Kann ich eine vorgefertigte SQLite-Datenbankdatei ausliefern und in OPFS laden?

Ja. Mit dem 'opfs-sahpool'-VFS holen Sie die .db-Datei als ArrayBuffer und übergeben sie an importDb() auf dem PoolUtil-Objekt, zu dem installOpfsSAHPoolVfs() auflöst; danach öffnen Sie die Datenbank wie gewohnt. Übergeben Sie beiden Aufrufen exakt denselben Namens-String: importDb() speichert den Namen genau so, wie Sie ihn angeben, während das Öffnen einer Datenbank ihn zu einem absoluten Pfad normalisiert – wenn Sie also 'data.db' importieren und dann '/data.db' öffnen, bleibt Ihnen eine leere Datenbank. PoolUtil stellt außerdem exportFile() bereit, um eine Datenbank für ein Backup zu extrahieren, und getFileNames(), um aufzulisten, was der Pool enthält. Das passt zu Anwendungen, die Referenzdatensätze als einzelne Datei ausliefern.

Wie viele Daten kann eine OPFS-gestützte SQLite-Datenbank speichern?

Es gibt kein festes Limit. OPFS-Speicher fällt unter browser-verwaltete Quotas, die großzügig sind, aber je nach Browser, Gerät und verfügbarem Festplattenplatz variieren. Prüfen Sie daher navigator.storage.estimate() zur Laufzeit, anstatt von einem festen Wert auszugehen. Private und Inkognito-Fenster können die Persistenz einschränken oder vollständig unterbinden, und das Löschen der Website-Daten entfernt die Datenbank zusammen mit dem übrigen Storage der Origin.

Wie inspiziere ich beim Debuggen die von SQLite erzeugten OPFS-Dateien?

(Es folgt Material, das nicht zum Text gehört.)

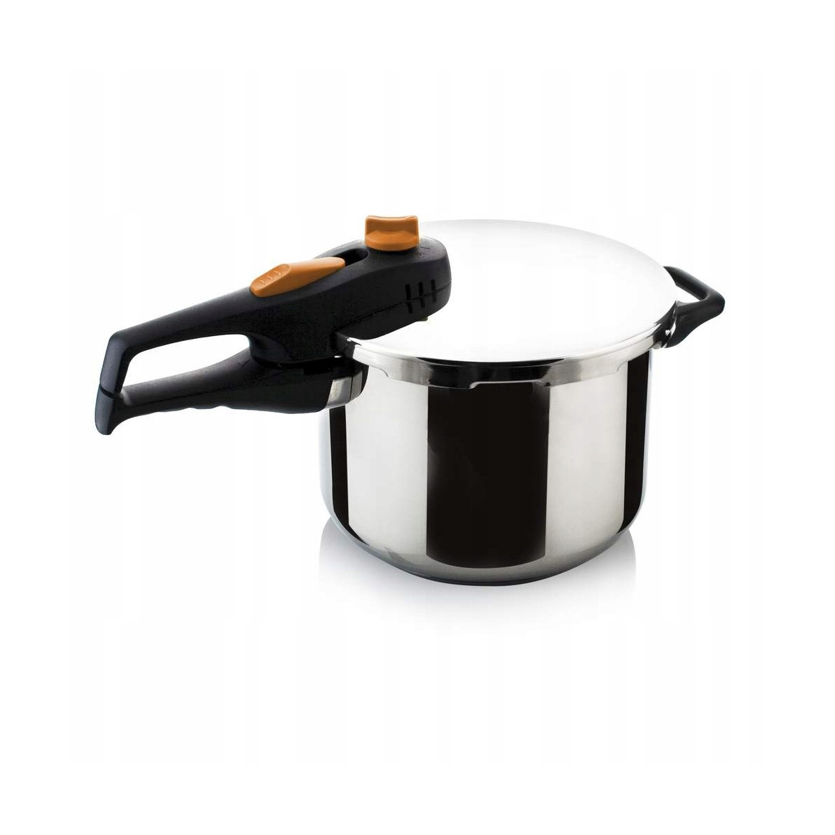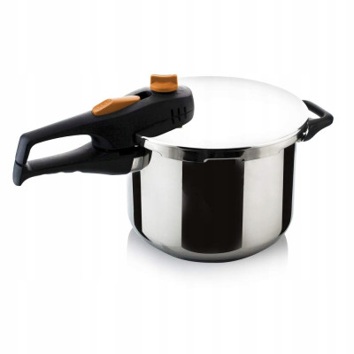 Solidny i funkcjonalny szybkowar o pojemności 6 litrów, wykonany z wysokiej jakości stali nierdzewnej 18/8. Wyposażony w nowoczesne zamknięcie bagnetowe oraz pomarańczowe pokrętło, które umożliwia regulację natężenia ciśnienia roboczego (0,6 lub 0,9 bara).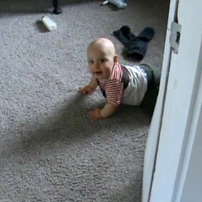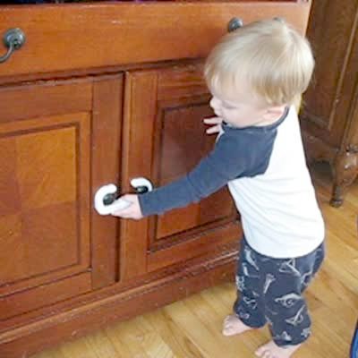Tot boy opens a childproof locked cabinet. He makes a cute face when he gets the door open.
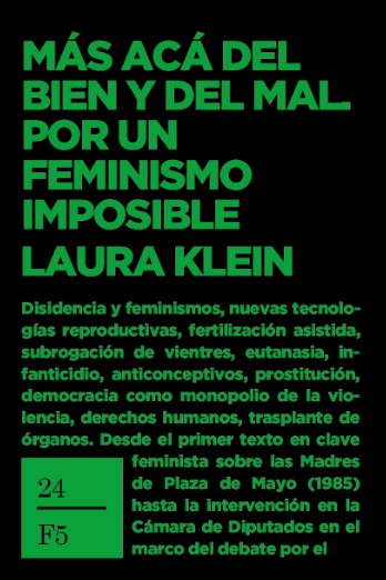 Disidencia y feminismos, nuevas tecnologías reproductivas, fertilización asistida, subrogación de vientres, eutanasia, infanticidio, anticonceptivos, prostitución, democracia como monopolio de la violencia, derechos humanos, trasplante de órganos. Desde el primer texto en clave feminista sobre las Madres de Plaza de Mayo (1985) hasta la intervención en la Cámara de Diputados en el marco del debate por el aborto (2018), un vertiginoso itinerario recorre estos ensayos escritos desde un más acá del bien y del mal. Lugar que Laura Klein funda desde un humilde paso atrás, dado para escuchar lo inarticulado de la vivencia y descubrir, con estupor o sorna, que lo bueno y lo malo no ingresan de inmediato en lo inédito de la experiencia. Desde ese más acá surge una visión del feminismo como potencia capaz de subvertir los juicios sobre la vida cotidiana y se actualiza una invitación persistente: asumir los viejos desafíos desde nuevas y masivas desobediencias.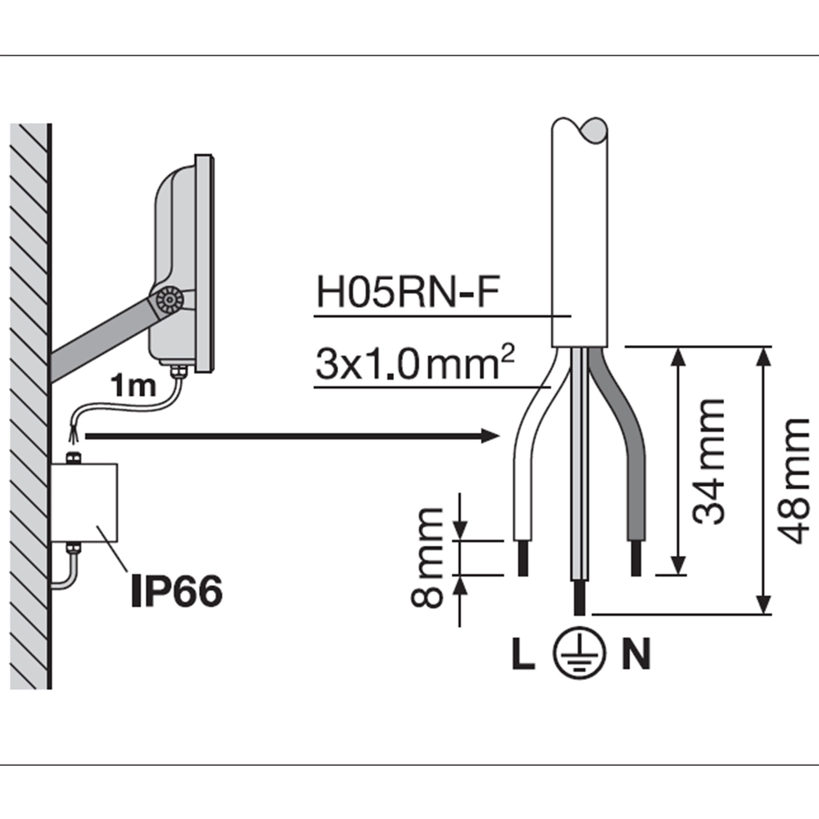 - Flexibilní, instalovaný z výroby 1 m dlouhý kabel (H05RN-F), 3 x 1,0 mm² s měděnými koncovkami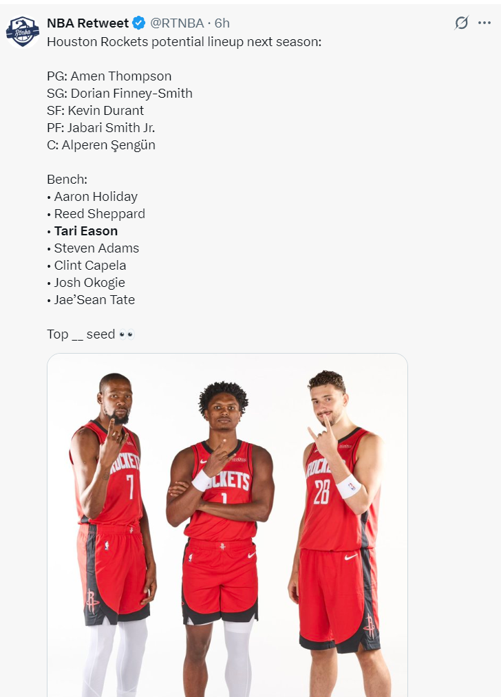 从美媒NBA Retweet预测火箭队的先发、轮换阵容来看,芬尼-史密斯很有可能会成为球队先发二号位。虽然他还没有获得登场许可,但只要DFS痊愈复出,那么他就会进入先发阵容。乌度卡教练会尝试让阿门打一号位,申京和杜兰特辅佐串联球队,乌度卡喜欢使用大阵容。

Die Browser-DevTools zeigen OPFS-Inhalte nicht von Haus aus an. Die Erweiterung OPFS Explorer für die Chrome DevTools stellt die OPFS-Dateihierarchie der Origin dar und erlaubt das Herunterladen einzelner Dateien. Beachten Sie, dass 'opfs-sahpool' Datenbanken innerhalb opaker Pool-Dateien unter einem eigenen virtuellen Namens-Mapping ablegt – der von Ihnen übergebene Dateiname erscheint dort also nicht direkt. Nutzen Sie stattdessen getFileNames() und exportFile() von PoolUtil, um diese Datenbanken aufzulisten und zu extrahieren.